Effect of grain boundary deformation on mechanical properties in nanocrystalline Cu film investigated by using phase field and molecular dynamics simulation methods

Abstract

Molecular dynamics simulations are performed to study the mechanical behaviors and microstructural evolution in nanocrystalline Cu films created by the phase field model under different strain rates and temperatures. The results indicate that grain boundaries' (GBs) migration caused by shear stress difference of GBs is found in the initial deformation stage. The migration on the site with a small curvature radius of curved GBs is large due to the high stress difference. The migration process of curved GBs in the initial stage is that atoms migrate from FCC structures to GBs along the (111) surface, which is different from the mechanism of atomic shuffling for the flat GBs.

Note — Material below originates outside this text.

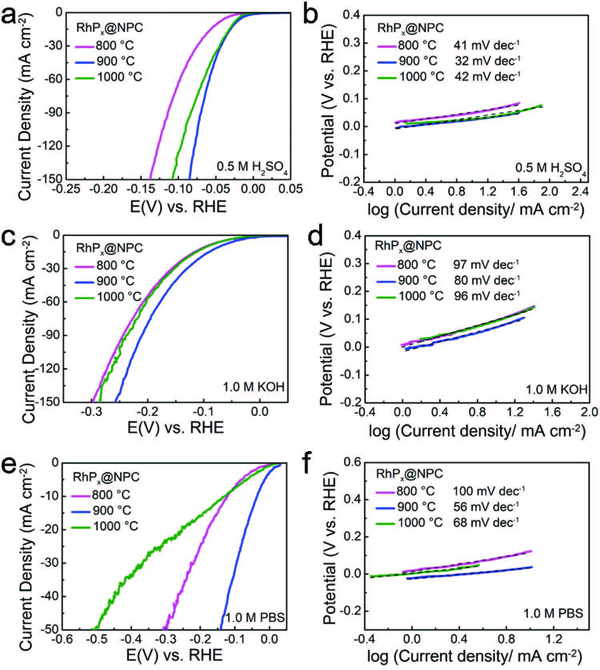 a-f)分别在不同电解质中在800、900和1000℃下煅烧的RhPx@NPC的a,c,e)极化曲线和b,d,f)的塔菲尔图。

Meanwhile, the initial GBs migration can make curved GBs become flat. In addition to temperature and stress difference, the hexagonal-close-packed (HCP) structures including stacking faults and twin boundaries can accelerate GBs' migration. The influence of initial GB migration on mechanical properties is achieved by changing the fraction and distribution of HCP structures. Larger initial GB migration at a higher temperature significantly reduces stress concentration on GBs, which leads to the distribution of HCP changing from the grains with large initial GB migration to other grains. Therefore, the sites of crack nucleation at conditions of low and high temperatures are different due to different magnitudes of initial GB migration.